An Invitation to Polynomiography via Exponential Series
For educators and students, it offers a novel visual and artistic approach to understanding polynomial zeros and series, but the contribution is incremental as it applies existing polynomiography techniques to a specific series.
This paper presents polynomiographs (algorithmic visualizations) of partial sums of the exponential series, exhibiting fractal and non-fractal images, and provides educational resources for teaching polynomiography to students at various levels.

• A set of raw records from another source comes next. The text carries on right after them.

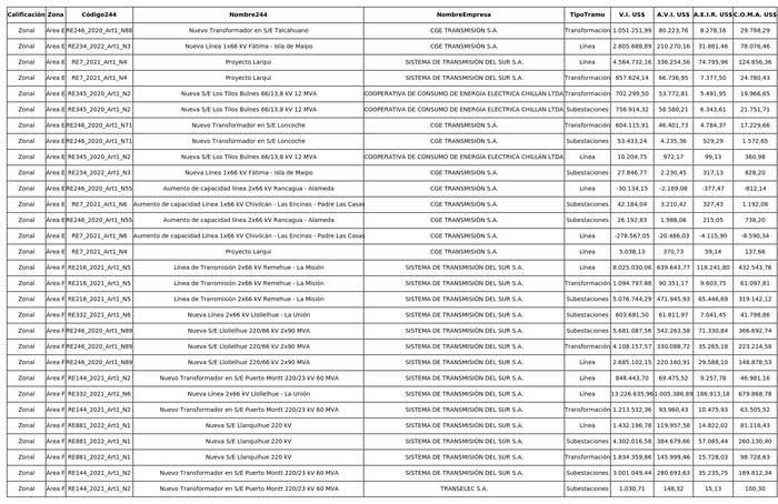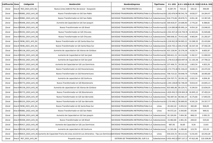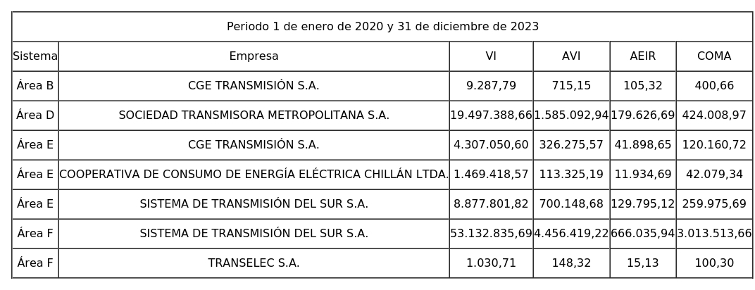 1. Valor anual de instalaciones de transmisión zonal por sistema de transmisión zonal, separado por cada propietario u operador, para el periodo entre el 1 de enero de 2020 y el 31 de diciembre de 2023.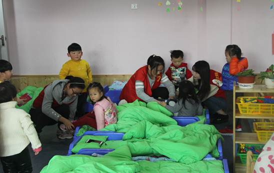 活动开始前,启智幼儿园园长长给志愿者同学简要介绍了幼儿园基本情况并告知了活动中要注意的事项。志愿者同学们在老师的引导下与一群群天真无邪的孩子们进行了互动,他们帮孩子们穿好衣服鞋子,还帮助老师给女孩子们梳理头发。同学们充分发挥他们的爱心与热情,细心地照顾着这些活泼可爱的小朋友。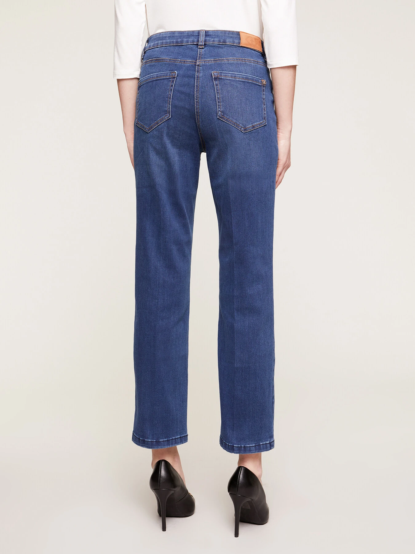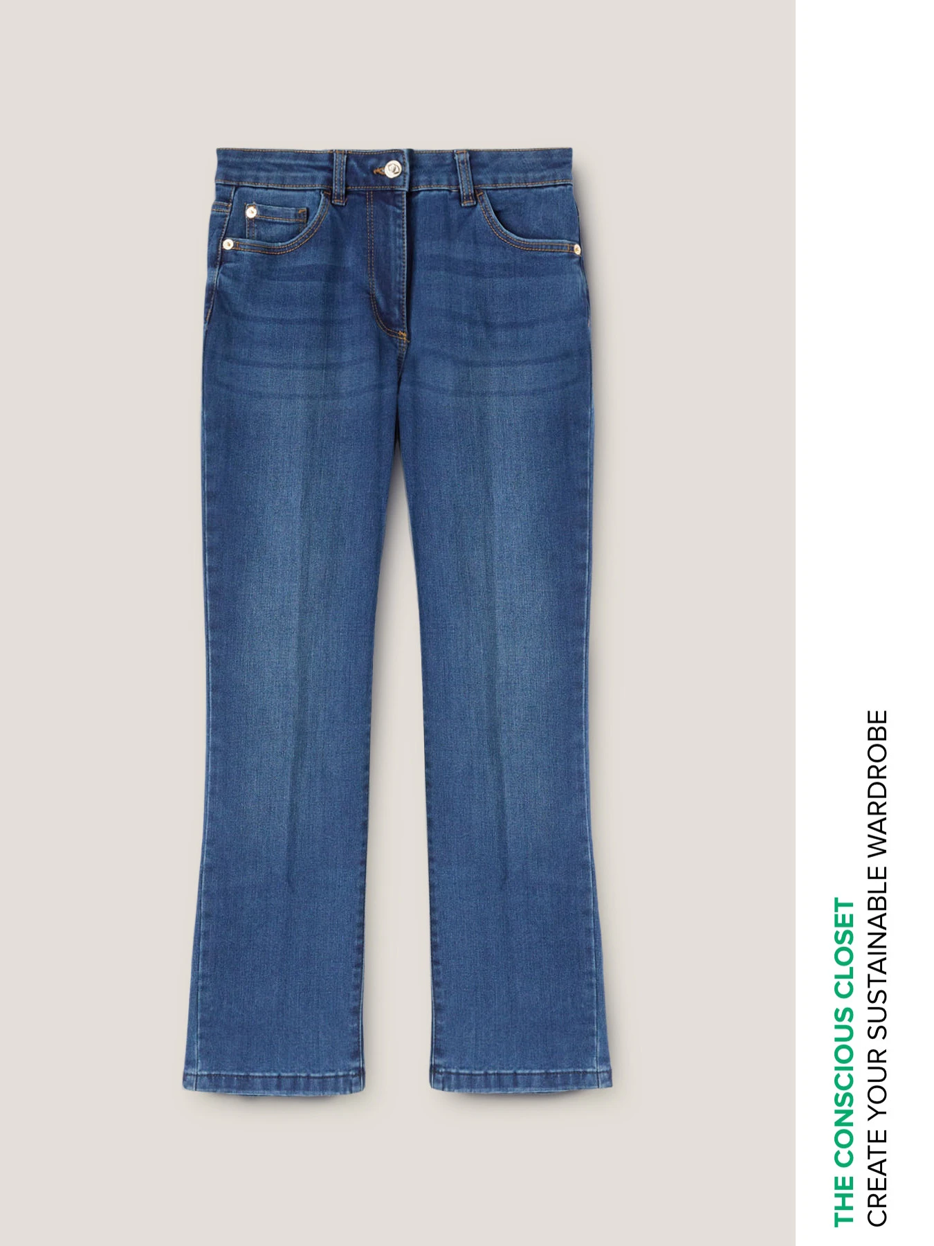 Jeans regular in tela misto cotone stretch; lavaggio mid blue; modello cinque tasche a vita alta con accessori in metallo.; Capo lavato con un processo sostenibile che grazie all’uso di avanzate tecnologie produttive, garantisce un risparmio di acqua fino al 60%.
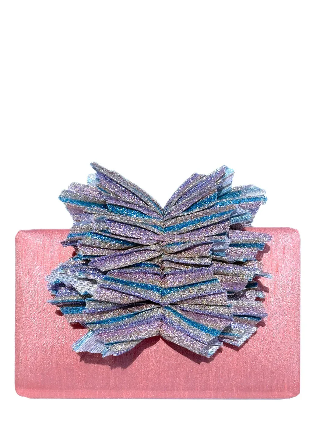 Featuring a blush-peach base with a sculptural, pleated bow that resembles iridescent wings mid-flight, this clutch is layered in shimmering pastel stripes of lavender, sky blue, champagne, and silver. Its oversized rosette detail adds magical volume and catches light from every angle, making it equal parts romantic and statement-making.

The subject of Polynomiography deals with algorithmic visualization of polynomial equations, having many applications in STEM and art, see [Kal04]. Here we consider the polynomiography of the partial sums of the exponential series. While the exponential function is taught in standard calculus courses, it is unlikely that properties of zeros of its partial sums are considered in such courses, let alone their visualization as science or art. The Monthly article Zemyan discusses some mathematical properties of these zeros. Here we exhibit some fractal and non-fractal polynomiographs of the partial sums while also presenting a brief introduction of the underlying concepts. Polynomiography establishes a different kind of appreciation of the significance of polynomials in STEM, as well as in art. It helps in the teaching of various topics at diverse levels. It also leads to new discoveries on polynomials and inspires new applications. We also present a link for the educator to get access to a demo polynomiography software together with a module that helps teach basic topics to middle and high school students, as well as undergraduates.